The Criminal Assets Bureau (CAB) has seized two houses in Limerick from criminal gang member Kieran Keane Junior.
The High Court declared the properties, along with three cars and over €100,000, to be the proceeds of crime.
The houses will be sold and the money handed over to the State.
Head of the Bureau, Detective Chief Superintendent Michael Gubbins, said the seizure is the latest move by CAB to deny and deprive criminals of their ill-gotten gains.
Keane Jr is the son of feuding criminal gang leader Kieran Keane Snr, who was shot dead in January 2003.
The Keane Collopy drugs gang was involved in a murderous feud with the McCarthy Dundon criminal gang, which subsequently led to 14 people being shot dead between 2000 and 2010, before the main gang leaders were convicted and jailed.
Five people are serving life for the murder of Keane Snr after a man who was with him, who the killers thought they had also murdered after he was stabbed 17 times, survived.
Owen Treacy testified against them.
Like his late father, CAB said that Keane Jnr is involved in organised crime and has invested money in luxury goods, cars and houses.

CAB began a major operation five years ago which targeted his money laundering operation.
The bureau forensically analysed his finances and identified €696,000 worth of spending from unknown sources.
CAB discovered money had been spent on travel to Spain, the UK, Lapland and Dubai, as well as on gambling and plastic surgery at a clinic in Lithuania.
The bureau also identified a pattern whereby Keane Jnr acquired property but did not record himself as the owner.
The houses were then rented out to relatives or associates for cash and CAB said that he was the beneficial owner.
Last night, officers finished clearing out, securing and boarding up two of his homes in Limerick - a three-bedroom semi-detached house in Garryowen and a three-bedroom terrace house in Sarsfield Court.

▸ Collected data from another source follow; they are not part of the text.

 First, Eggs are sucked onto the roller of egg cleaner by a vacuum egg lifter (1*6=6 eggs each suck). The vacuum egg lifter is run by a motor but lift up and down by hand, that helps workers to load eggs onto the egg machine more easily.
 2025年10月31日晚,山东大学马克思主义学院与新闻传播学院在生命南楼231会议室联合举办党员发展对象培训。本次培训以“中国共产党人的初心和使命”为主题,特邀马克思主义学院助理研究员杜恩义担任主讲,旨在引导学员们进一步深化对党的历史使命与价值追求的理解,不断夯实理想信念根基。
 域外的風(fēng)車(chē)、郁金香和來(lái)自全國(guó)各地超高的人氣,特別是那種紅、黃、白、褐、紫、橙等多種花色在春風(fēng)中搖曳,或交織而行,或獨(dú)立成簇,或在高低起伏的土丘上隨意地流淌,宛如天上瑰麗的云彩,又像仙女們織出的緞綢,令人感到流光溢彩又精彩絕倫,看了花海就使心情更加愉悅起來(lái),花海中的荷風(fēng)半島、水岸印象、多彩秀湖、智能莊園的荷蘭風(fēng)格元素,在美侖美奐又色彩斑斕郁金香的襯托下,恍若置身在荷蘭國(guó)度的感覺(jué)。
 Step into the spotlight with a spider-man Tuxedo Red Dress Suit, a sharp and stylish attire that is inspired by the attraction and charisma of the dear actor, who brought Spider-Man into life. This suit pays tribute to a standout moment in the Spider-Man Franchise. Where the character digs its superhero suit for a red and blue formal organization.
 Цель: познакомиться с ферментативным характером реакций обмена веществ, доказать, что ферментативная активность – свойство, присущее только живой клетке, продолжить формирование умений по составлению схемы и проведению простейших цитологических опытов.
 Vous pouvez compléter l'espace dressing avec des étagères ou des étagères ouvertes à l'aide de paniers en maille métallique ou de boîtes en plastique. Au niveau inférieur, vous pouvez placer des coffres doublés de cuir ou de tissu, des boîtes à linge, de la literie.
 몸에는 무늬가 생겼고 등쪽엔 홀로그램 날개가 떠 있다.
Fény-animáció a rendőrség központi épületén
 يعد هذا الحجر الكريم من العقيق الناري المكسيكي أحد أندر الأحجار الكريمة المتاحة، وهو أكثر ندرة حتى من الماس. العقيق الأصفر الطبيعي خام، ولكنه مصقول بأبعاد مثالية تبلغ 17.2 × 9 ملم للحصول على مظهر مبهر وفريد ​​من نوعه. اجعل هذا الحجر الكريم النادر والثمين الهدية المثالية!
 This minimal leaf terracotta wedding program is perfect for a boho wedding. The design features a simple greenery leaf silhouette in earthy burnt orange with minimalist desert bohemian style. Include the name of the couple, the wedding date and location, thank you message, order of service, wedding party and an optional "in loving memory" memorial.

CAB expects the Garryowen property to be sold for around €200,000 and the other one for €175,000.
The bureau told the High Court that Keane Jnr was involved in organised crime and associated with major criminals.

His only record of any income was €12,000, earned in 2015, but he managed to buy a burnt-out house in Caherconlish and sold it in 2018.

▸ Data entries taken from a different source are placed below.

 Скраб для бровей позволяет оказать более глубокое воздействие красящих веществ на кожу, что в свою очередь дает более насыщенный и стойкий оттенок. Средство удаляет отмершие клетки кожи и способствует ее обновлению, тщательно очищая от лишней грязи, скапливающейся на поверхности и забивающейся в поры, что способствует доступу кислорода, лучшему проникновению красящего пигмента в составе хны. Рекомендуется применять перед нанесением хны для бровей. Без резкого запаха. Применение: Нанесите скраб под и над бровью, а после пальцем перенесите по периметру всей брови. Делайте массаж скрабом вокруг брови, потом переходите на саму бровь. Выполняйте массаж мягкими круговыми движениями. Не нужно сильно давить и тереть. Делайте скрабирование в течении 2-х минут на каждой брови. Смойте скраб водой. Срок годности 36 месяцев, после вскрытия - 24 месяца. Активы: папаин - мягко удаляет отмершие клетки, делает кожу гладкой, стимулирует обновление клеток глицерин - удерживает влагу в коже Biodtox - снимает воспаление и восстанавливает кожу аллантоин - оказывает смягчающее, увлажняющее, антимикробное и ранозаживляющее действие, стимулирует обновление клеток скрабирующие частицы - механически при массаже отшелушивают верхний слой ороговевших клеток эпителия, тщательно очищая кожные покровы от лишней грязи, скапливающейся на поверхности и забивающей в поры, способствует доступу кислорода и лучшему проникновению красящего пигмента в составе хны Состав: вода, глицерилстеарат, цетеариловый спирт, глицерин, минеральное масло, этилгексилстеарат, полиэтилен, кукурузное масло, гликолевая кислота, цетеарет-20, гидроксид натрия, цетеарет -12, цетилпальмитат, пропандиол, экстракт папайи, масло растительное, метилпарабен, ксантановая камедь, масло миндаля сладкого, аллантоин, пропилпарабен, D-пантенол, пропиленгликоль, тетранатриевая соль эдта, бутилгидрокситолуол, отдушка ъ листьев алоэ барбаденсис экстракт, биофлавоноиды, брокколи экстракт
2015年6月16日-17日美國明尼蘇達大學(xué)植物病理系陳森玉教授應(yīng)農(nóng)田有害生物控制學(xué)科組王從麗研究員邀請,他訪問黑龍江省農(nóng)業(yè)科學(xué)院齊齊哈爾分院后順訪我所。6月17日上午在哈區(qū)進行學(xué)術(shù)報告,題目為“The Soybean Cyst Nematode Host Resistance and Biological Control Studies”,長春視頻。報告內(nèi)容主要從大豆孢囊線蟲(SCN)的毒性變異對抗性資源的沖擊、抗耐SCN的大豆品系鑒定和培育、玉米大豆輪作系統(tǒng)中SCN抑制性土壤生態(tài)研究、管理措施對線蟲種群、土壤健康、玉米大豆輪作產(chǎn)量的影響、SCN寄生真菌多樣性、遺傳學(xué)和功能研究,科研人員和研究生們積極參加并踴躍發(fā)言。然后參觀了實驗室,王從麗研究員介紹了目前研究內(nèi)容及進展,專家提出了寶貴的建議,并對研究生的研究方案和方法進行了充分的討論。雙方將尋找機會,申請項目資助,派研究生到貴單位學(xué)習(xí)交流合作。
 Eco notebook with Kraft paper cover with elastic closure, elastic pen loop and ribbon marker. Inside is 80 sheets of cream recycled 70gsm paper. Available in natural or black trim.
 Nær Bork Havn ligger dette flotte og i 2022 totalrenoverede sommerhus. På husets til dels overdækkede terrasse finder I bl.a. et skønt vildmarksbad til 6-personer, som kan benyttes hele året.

Mr Justice Alexander Owens said that some of the profits from the sale of the property comprised part of the €101,000 in a bank account that was seized by CAB and declared the proceeds of crime.
Some of the cash also came from a motor business that he set up.

Mr Justice Owens accepted CAB evidence that Keane Jnr was "a driving force" in organised crime and said it was like the criminal organisation was the source of funds used for all of these properties.
He no longer lives in Limerick and left Ireland five years ago after the bureau began investigating his finances and lives in Spain and Dubai.
The judge also said that if Keane Jnr was in Dubai for a number of years, he must have money to pay his bills because otherwise he would be in jail.
His cars, an Audi A4, a Skoda Octavia and a Volkswagen Amarok, have been sold.
His cash of over €101,000 has been seized, along with his two houses, that are due be sold after Christmas.
CAB said that it will have taken over €500,000 worth of assets from Keane Jnr.